災害区分 台風
発災から死亡までの期間 3年以内
性別・年齢 男性・80歳代
死因 特発性間質性肺炎
死亡までの経緯等
発災前は肺炎等の持病があり、体調が悪くなると入院し、入院していない期間は月に1回から2回、病院にて受診していたが、日常生活に大きな支障はなく、農作業を行うなど活発であった。
発災時は近隣の避難所へ避難したものの建物が浸水し、4階に移動して一晩を過ごした。翌日、ボートにて救助された後に別の避難所に移動し1日過ごしたが、寝づらさを覚えたため親族宅に移動した。数日間は親族に避難所に送ってもらい日中を過ごし、夜は親族宅で過ごすという生活が続いた。発災から10日後に歩行困難となり緊急搬送され、搬送先の病院で肺炎の悪化と診断されそのまま入院することとなった。約20日で退院した後は介護施設、みなし仮設アパートと転居したが、体調不良により入退院を繰り返し、その間も活動量は低下していった。発災から約1年後に新築した自宅に戻ったが、引っ越しから約2か月後に酸素濃度の低下により再度入院したが、4日後、間質性肺炎のため死亡した。
災害のため避難を繰り返したことで生活環境が激変し、心身に負荷がかかったことによる体力の低下が、死因である間質性肺炎の発症につながったと推定されるため、死亡と災害との間に相当因果関係があると認められた。
被災地での健康を守るために(厚生労働省)
2.病気の予防
(5)心身の機能の低下予防
慣れない避難所や仮設住宅の生活では、体を動かす機会が減ることで、特に高齢者の場合には、筋力が低下したり、関節が固くなるなどして、徐々に「動けなく」なることがあります。
また、動かないでいると、だんだん心が沈んできて「3.こころのケア」にあるような症状が出てしまうこともあります。
身の回りのことができる方は、なるべく自分で行ったり、可能な作業に参加したりしてください。
声をかけ合って、積極的に体を動かすようにしましょう。
3.こころのケア
今回の地震のように大変重いストレスにさらされると、程度の差はあっても誰でも、不安や心配などの反応が表れます。
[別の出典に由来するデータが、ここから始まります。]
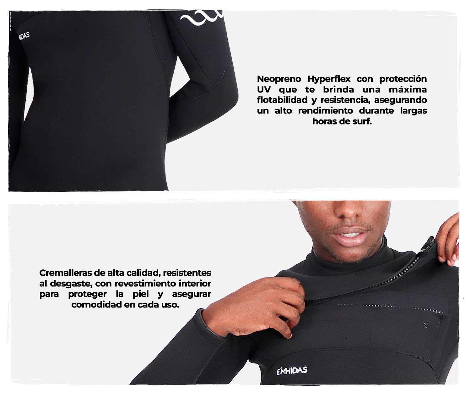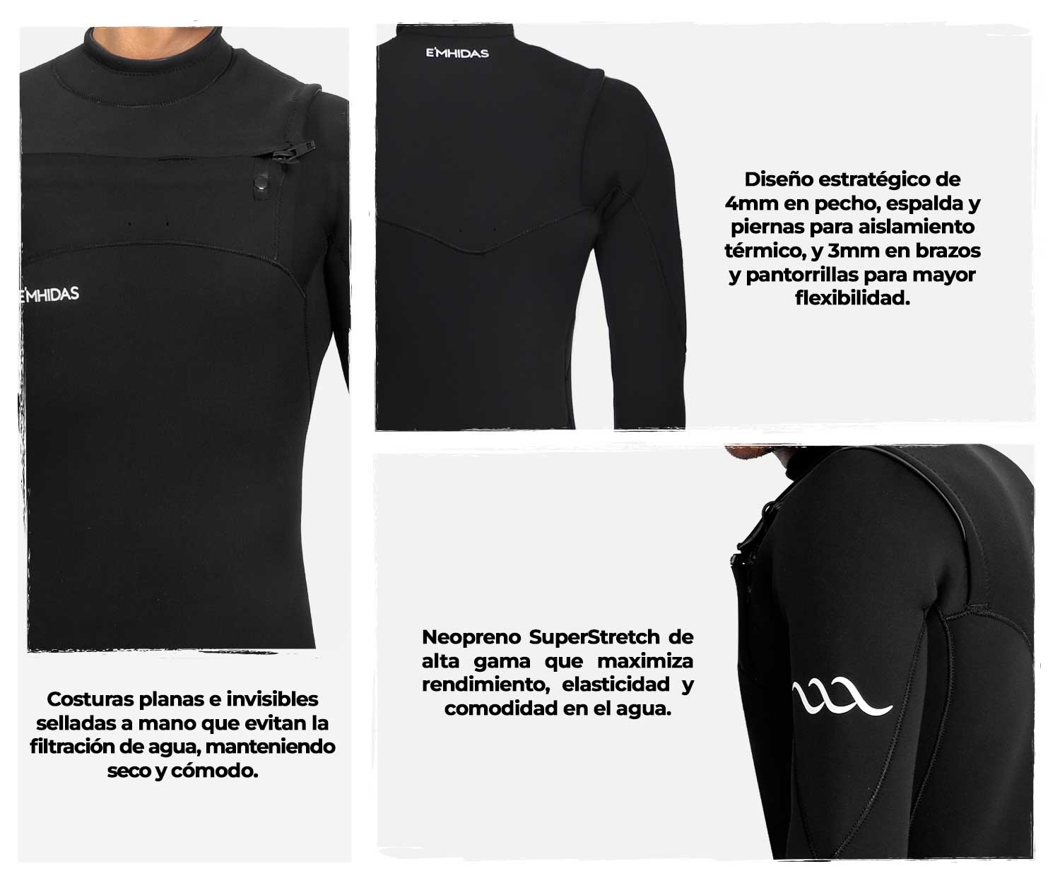 • Hecho a base de neopreno de alta calidad con tecnología SuperStretch de 4/3mm. (4 mm en el cuerpo, 3 mm en brazos/piernas)

まずは休息や睡眠をできるだけとるようにしましょう。
これらの不安、心配の多くは時間の経過とともに回復することが知られています。
不安や心配を和らげる呼吸法として、「6秒で大きく吐き、6秒で軽く吸う、朝、夕5分ずつ」行う方法もあります。実践してみましょう。
しかし、
1)心配で、イライラする、怒りっぽくなる
2)眠れない
3)動悸(どうき)、息切れで、苦しいと感じる
などのときは無理をせずに、まずは身近な人や、専門の相談員に相談してみましょう。
また普段からお互いに声を掛け合うなど、コミュニケーションを取るなどしてこころのケアをすることが大切です。